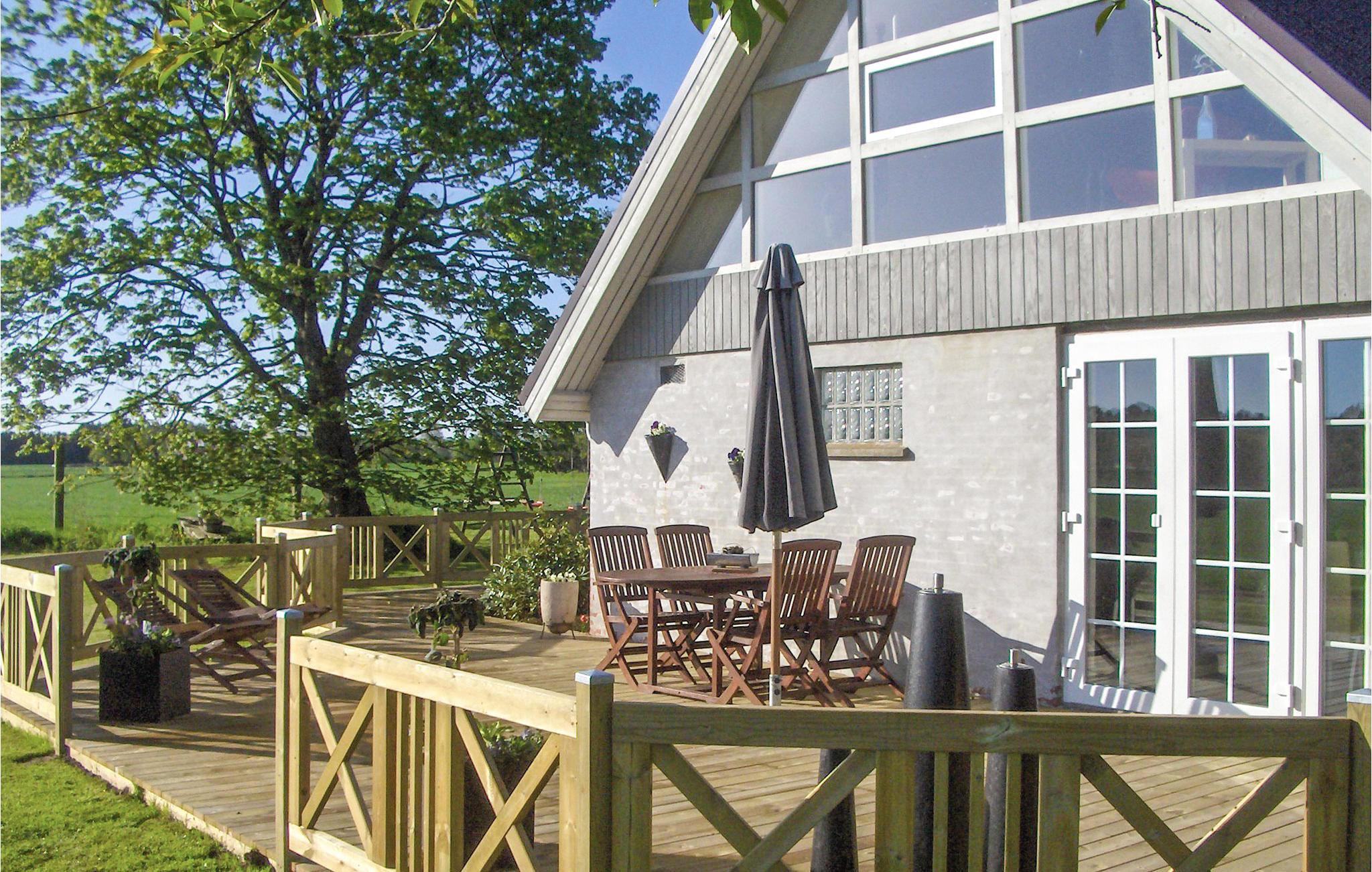 Stilfuldt fritidshus i Dagsvad med privat pool, stor terrasse og udsigt over det smukke landskab.
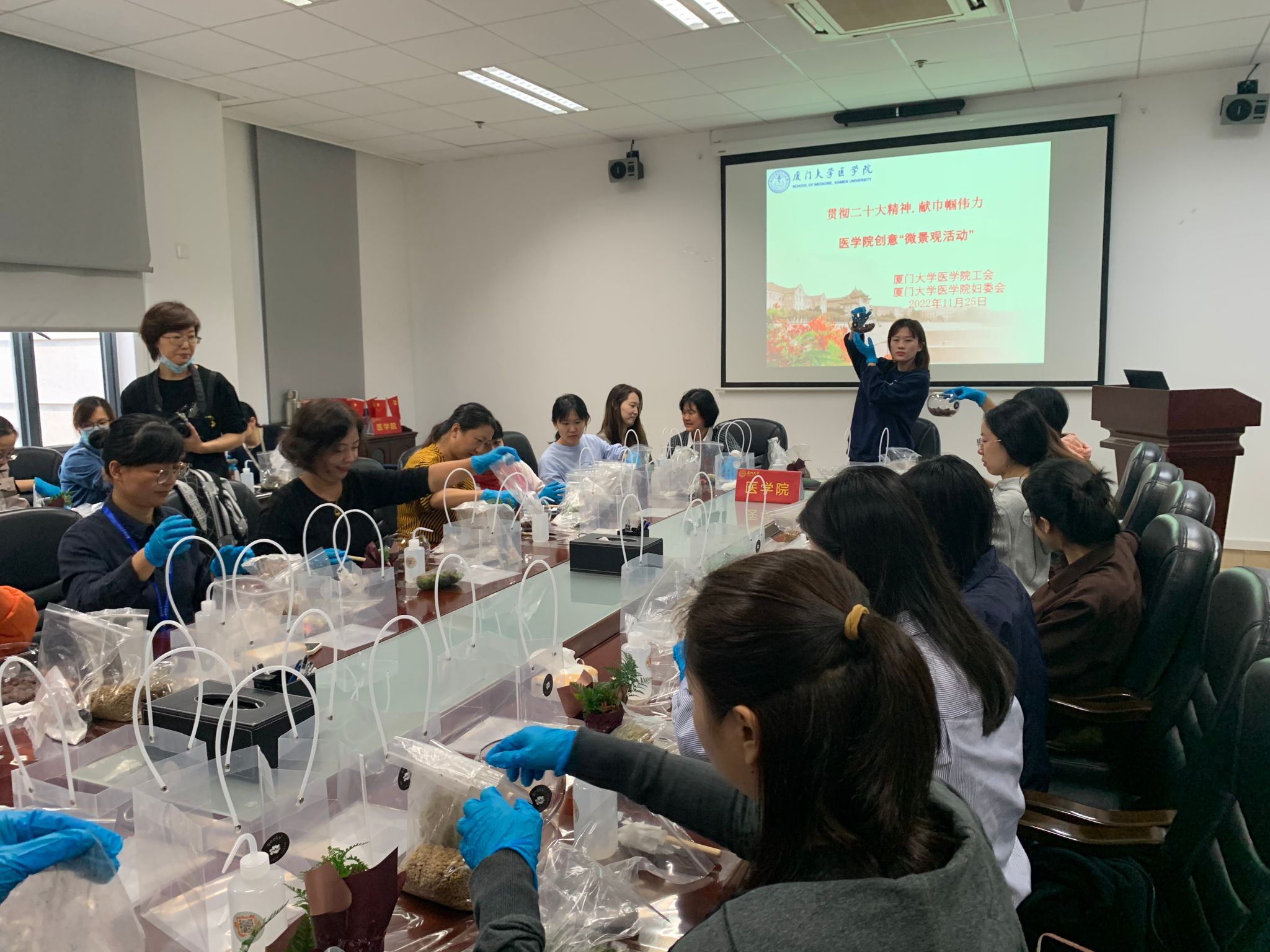 11月25日,由医OD(中国)工会、妇委会联合举办的“贯彻二十大精神,献巾帼伟力”创意微景观活动在爱礼楼103会议室成功举办。医OD(中国)三十余名女教职工参加了本次活动。活动由医OD(中国)妇委会副主任李文君主持。
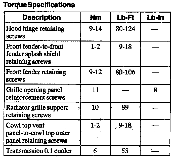 Torque Specifications:
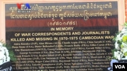 ភ្នំពេញ៖ អតីតអ្នកកាសែត អ្នកថតរូបនិងអ្នកឆ្លើយឆ្លងព័ត៌មានបរទេសដែលមានវ័យចំណាស់សរុបចំនួន២២រូបបានចូលរួមបើកសម្ពោធជាផ្លូវការនៅថ្ងៃអង្គារនេះនូវស្តូបរំឭកវិញ្ញាណក្ខន្ធអ្នកកាសែតដែលបានស្លាប់បាត់បង់ជីវិតក្នុងសង្គ្រាមនៅកម្ពុជាក្នុងទសវត្ស១៩៧០។
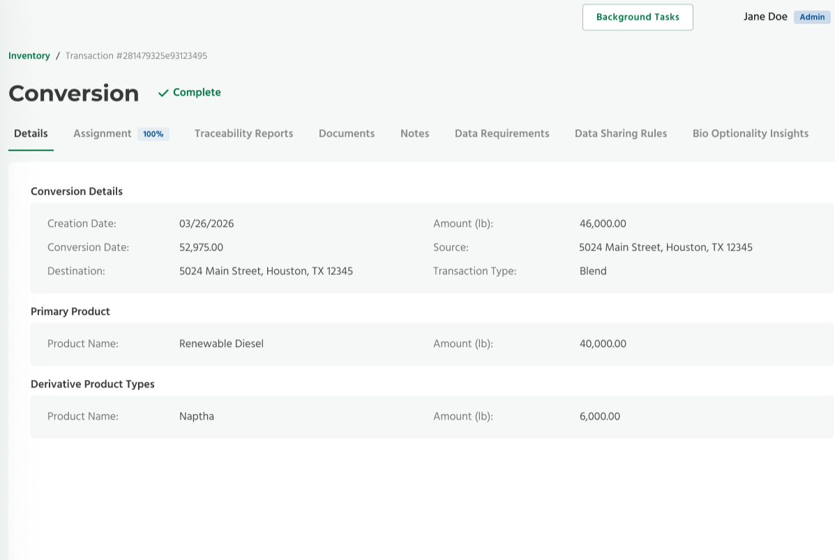 From raw materials to finished fuels, complex blends to yield loss—Veriflux360 scales with your operations and simplifies the math behind the scenes. Whether you’re blending waste oils, managing conversion factors, calculating yield losses, or tracking multiple end uses, Veriflux360 handles the math and recordkeeping.
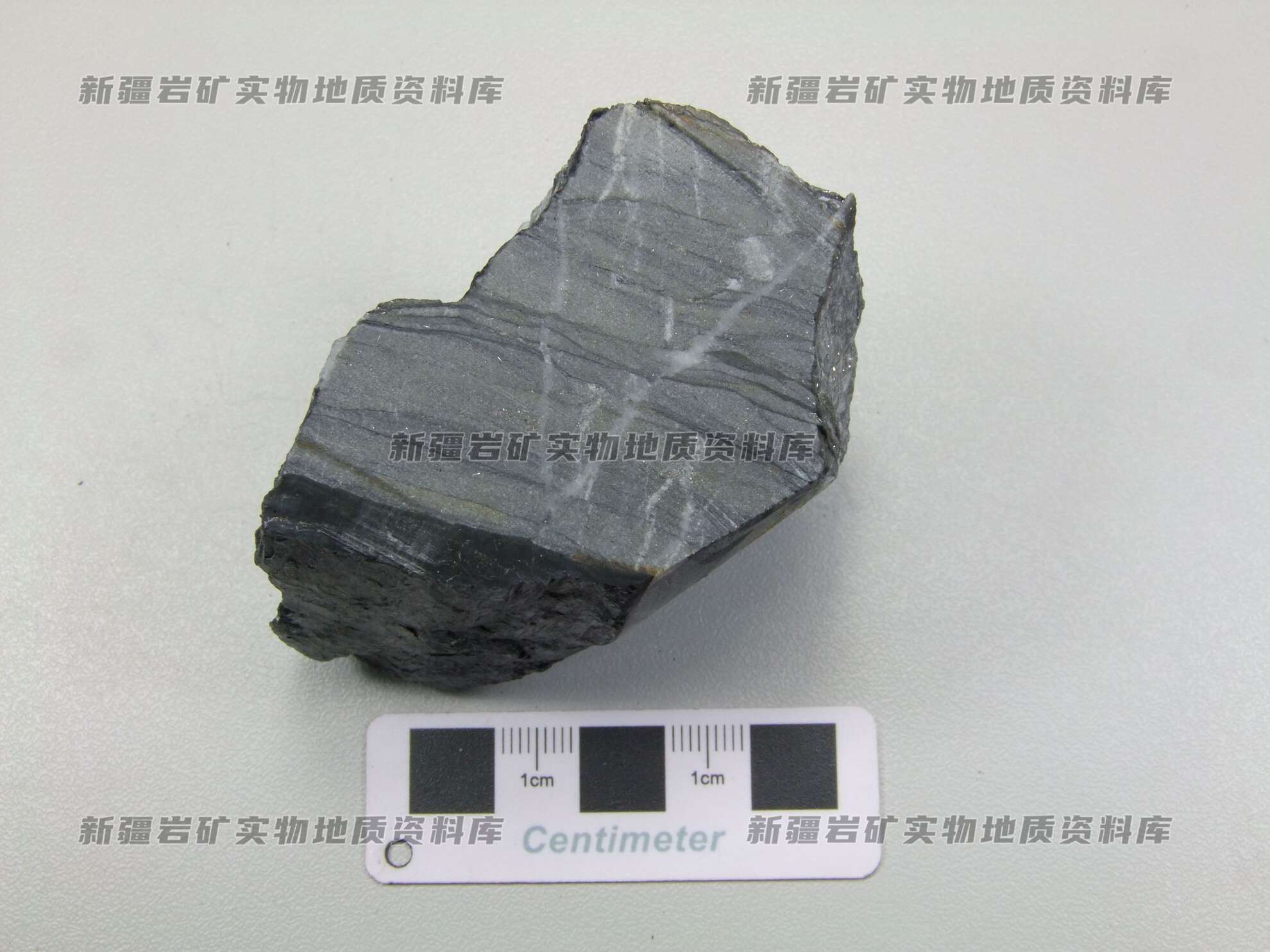 岩石具变余粉砂状结构,其中夹炭质条带,石英脉垂直穿过层理。
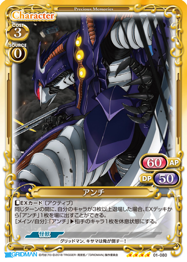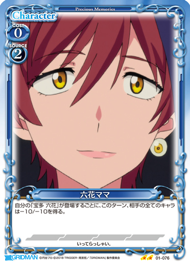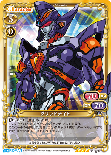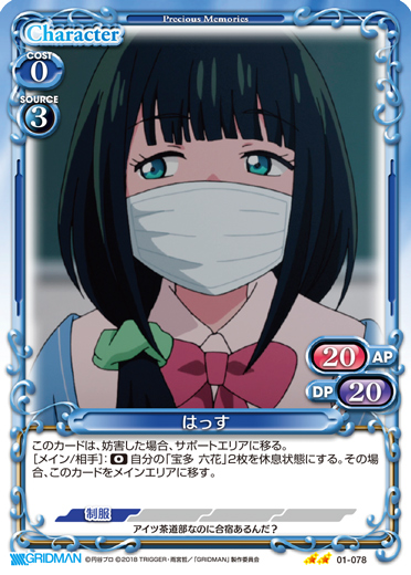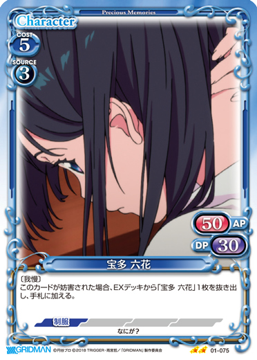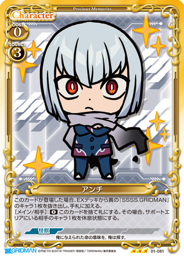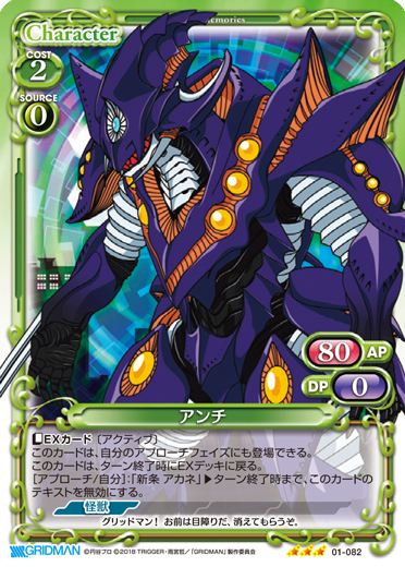 | このカードが登場した場合、EXデッキから黄の『SSSS.GRIDMAN』のキャラ1枚を抜き出し、手札に加える。[メイン/相手]:《0》このカードを捨て札にする。その場合、サポートエリアにいる相手のキャラ1枚を休息状態にする。 | ||
◆ ◆ ◆
EXERCISE DETAILS:
Give back exactly the lines from the one that contains "11月25日,由医OD(中国" to the final line of the data above, both included, with all pictures removed.

RESPONSE BELOW:
 11月25日,由医OD(中国)工会、妇委会联合举办的“贯彻二十大精神,献巾帼伟力”创意微景观活动在爱礼楼103会议室成功举办。医OD(中国)三十余名女教职工参加了本次活动。活动由医OD(中国)妇委会副主任李文君主持。
 Torque Specifications:
 ភ្នំពេញ៖ អតីតអ្នកកាសែត អ្នកថតរូបនិងអ្នកឆ្លើយឆ្លងព័ត៌មានបរទេសដែលមានវ័យចំណាស់សរុបចំនួន២២រូបបានចូលរួមបើកសម្ពោធជាផ្លូវការនៅថ្ងៃអង្គារនេះនូវស្តូបរំឭកវិញ្ញាណក្ខន្ធអ្នកកាសែតដែលបានស្លាប់បាត់បង់ជីវិតក្នុងសង្គ្រាមនៅកម្ពុជាក្នុងទសវត្ស១៩៧០។
 From raw materials to finished fuels, complex blends to yield loss—Veriflux360 scales with your operations and simplifies the math behind the scenes. Whether you’re blending waste oils, managing conversion factors, calculating yield losses, or tracking multiple end uses, Veriflux360 handles the math and recordkeeping.
 岩石具变余粉砂状结构,其中夹炭质条带,石英脉垂直穿过层理。
 | このカードが登場した場合、EXデッキから黄の『SSSS.GRIDMAN』のキャラ1枚を抜き出し、手札に加える。[メイン/相手]:《0》このカードを捨て札にする。その場合、サポートエリアにいる相手のキャラ1枚を休息状態にする。 | ||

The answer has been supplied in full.